* _DATA_:
__________________________________________________
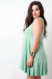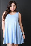 This sleeveless plus size dress features a jersey knit fabrication, boat neckline, relaxed fit, and mini-length hemline. Accessories sold separately. Made in U.S.A. 95% Rayon, 5% Spandex.
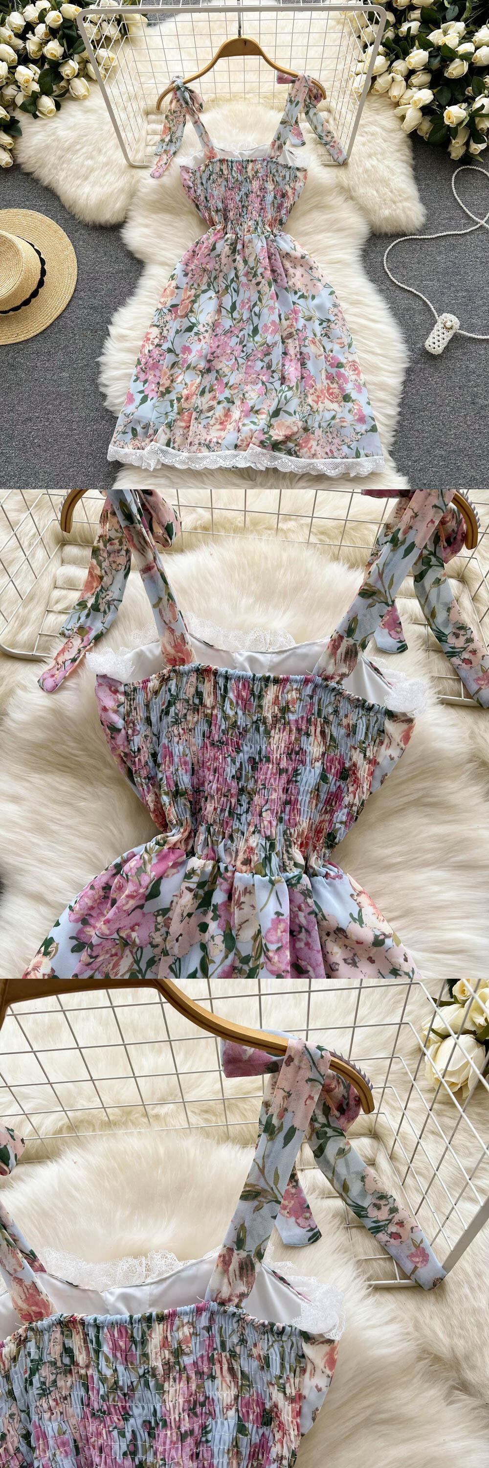 自由奔放に生きるフローラルショートビーチドレスサマーウィメンズスパゲッティストラップフリルミニサンドレスホリデーウエストフレアAライン レッド ラッフル 夏物 花柄 Abe86146450801
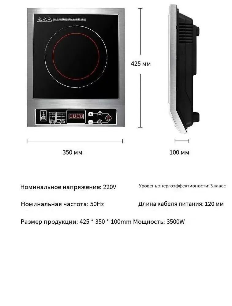 Купить Плита Куболитр индукционная настольная Demata IP3500 , 3500 Вт, электрическая, стеклокерамика (сенсорная панель управления) для самогоноварения и не только, безимпульсная, таймер 3 часа, нагрузка до 100 кг
__________________________________________________
* _THE PROBLEM_:
Leave the images out and give the rest of the data again exactly.

* _ANSWER_:
 This sleeveless plus size dress features a jersey knit fabrication, boat neckline, relaxed fit, and mini-length hemline. Accessories sold separately. Made in U.S.A. 95% Rayon, 5% Spandex.
 自由奔放に生きるフローラルショートビーチドレスサマーウィメンズスパゲッティストラップフリルミニサンドレスホリデーウエストフレアAライン レッド ラッフル 夏物 花柄 Abe86146450801
 Купить Плита Куболитр индукционная настольная Demata IP3500 , 3500 Вт, электрическая, стеклокерамика (сенсорная панель управления) для самогоноварения и не только, безимпульсная, таймер 3 часа, нагрузка до 100 кг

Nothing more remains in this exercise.